Non-Response Policy in L.A. Can Go Into Effect in 60 Days

LOS ANGELES

The Los Angeles Police Department expects to stop responding to unverified burglar alarms in 60 days after a new policy pushed by Chief William Bratton survived a City Council veto effort Jan. 29.

Bratton has called the policy—which would require verification of an alarm by a person or video before police respond, and was approved in early January by the Los Angeles Police Commission—an important step in his effort to make the police department more efficient and effective. “The 15% of the patrol resources we now spend chasing false alarms … that 15% of officer activity could be focused in the parks, in the schoolyards, on the streets – prioritized, focused patrols in areas where we know we have problems,” Bratton said, according to an article in the Los Angeles Times.

Police Commission Executive Director Joe Gunn said there are so many false alarms now that the calls are given low priority, meaning that officers often take 45 minutes or more to respond. Under the new policy, once a call is verified, the police will respond with a high priority, arriving in 10 minutes or less, Gunn said.

The move has been vigorously opposed by alarm companies, homeowners groups and some council members. Opponents argued that it would leave owners of homes with alarms vulnerable to criminals.

Still, at the Jan. 28 council meeting, those seeking to veto the policy could muster only eight votes, when 10 were needed. Six members, including the council president, supported the policy, the article stated.

At this point, the city council can legally vote again on the issue by Feb. 4, but Bratton and key council members said they do not believe that the votes required to scuttle the policy will materialize.

The council action came after the Police Commission agreed to delay implementing the policy for 60 days to allow a task force to look at alternatives that might reduce the number of false alarms.

If the policy is not vetoed by Feb. 4, and if the Police Commission decides not to adopt the task force recommendations, it will automatically take effect 60 days from Jan. 28, without the council being able to intervene again, according to council rules.

Councilwoman Janice Hahn, who led the fight for the veto, while her brother, Mayor James Hahn, supports the chief’s policy, called on the Police Commission to schedule the policy for a second vote after the task force submits its recommendations. A second commission vote would allow the council to again exercise its veto powers.

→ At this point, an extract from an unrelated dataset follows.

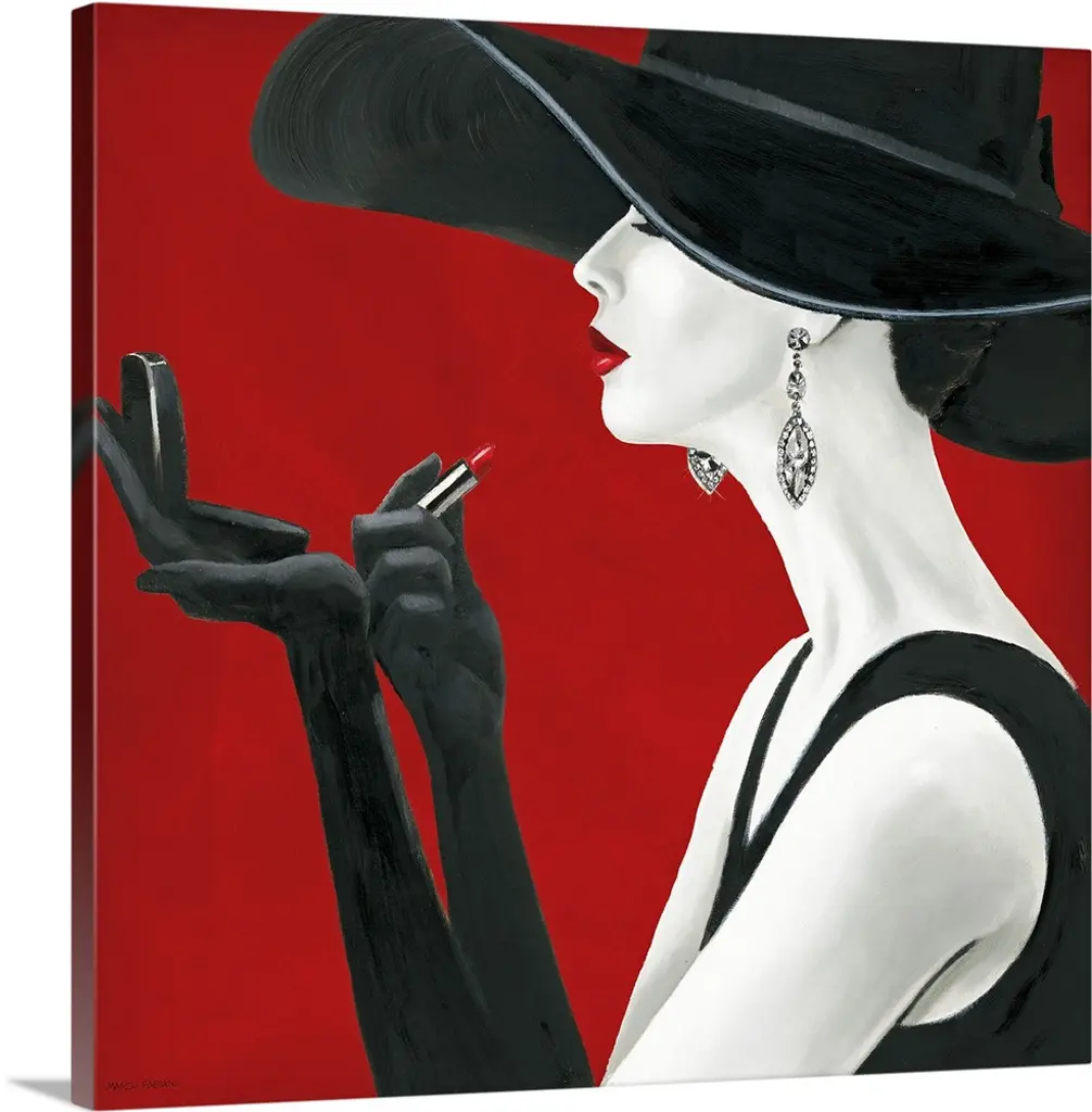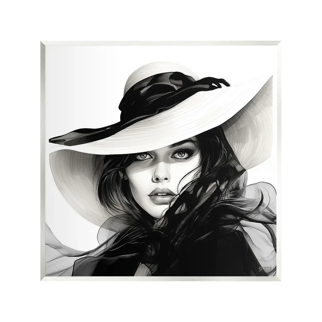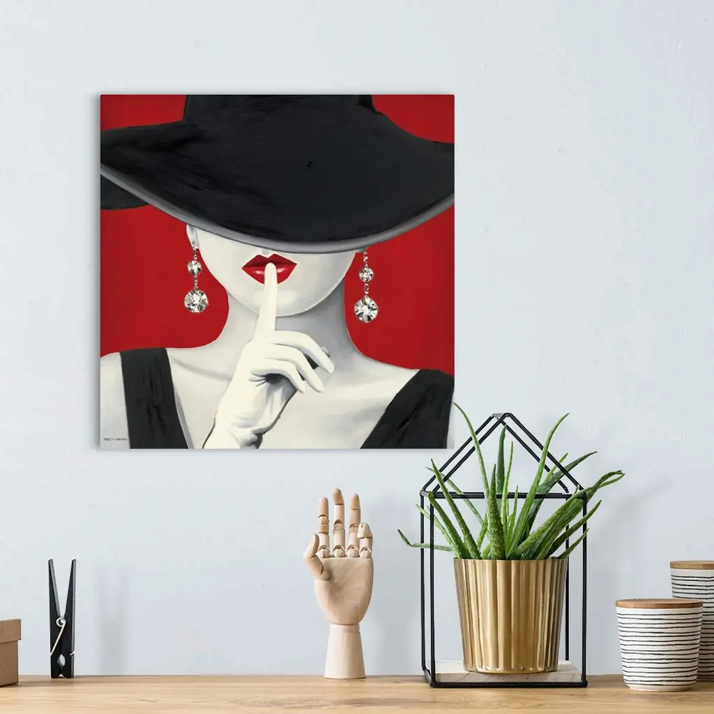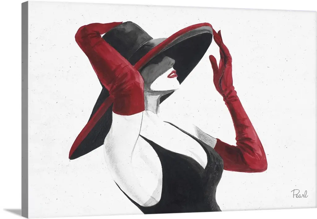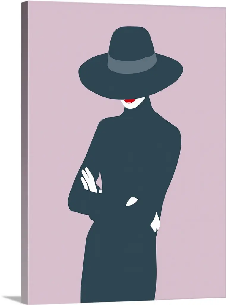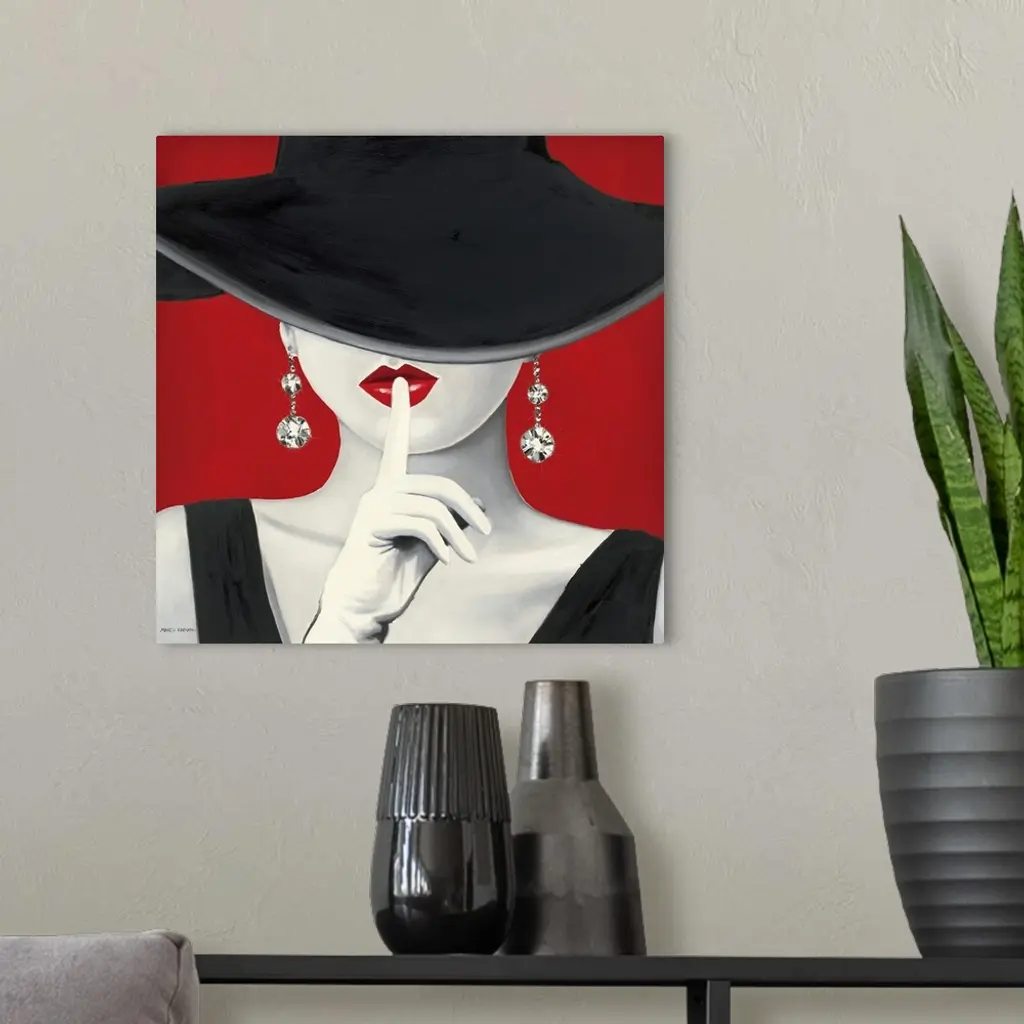 A square painting of a stylish woman in a black dress, her face obstructed by a black hat, white gloves and massive diamond earrings.

However, Police Commission President Rick Caruso said he will not schedule a second vote on the policy and that he and his fellow commissioners plan to stand firm on the policy. “We’re not going to change our policy or our votes,” Caruso said, according to the article. “We are going to move ahead on it.”

If the City Council overturns the policy and sends it back to the commission, “we would send it back [to them] again without any changes,” Caruso said. At the same time, Caruso said, the 60-day delay was appropriate to give residents more notification of the change, educate the public about the policy and properly train officers, something that the department was planning to do anyway.

Howard Sunkin, a lobbyist for the alarm industry, said the vote to create a task force was “a clear message that the public needs to be consulted before a final policy is developed.”

“The alarm industry is grateful for that,” he said.

Council members have received hundreds of phone calls, faxes, e-mails and letters from constituents – some rallied by the alarm industry and their lobbyists – to oppose the policy.

The compromise approved by the council will create a task force within 10 days that will be made up of representatives of the LAPD, the alarm industry, neighborhood councils, citizen police advisory boards and city officials. City Councilwoman Cindy Miscikowski said she sees the task force’s role as working out ways to verify that alarms are genuine.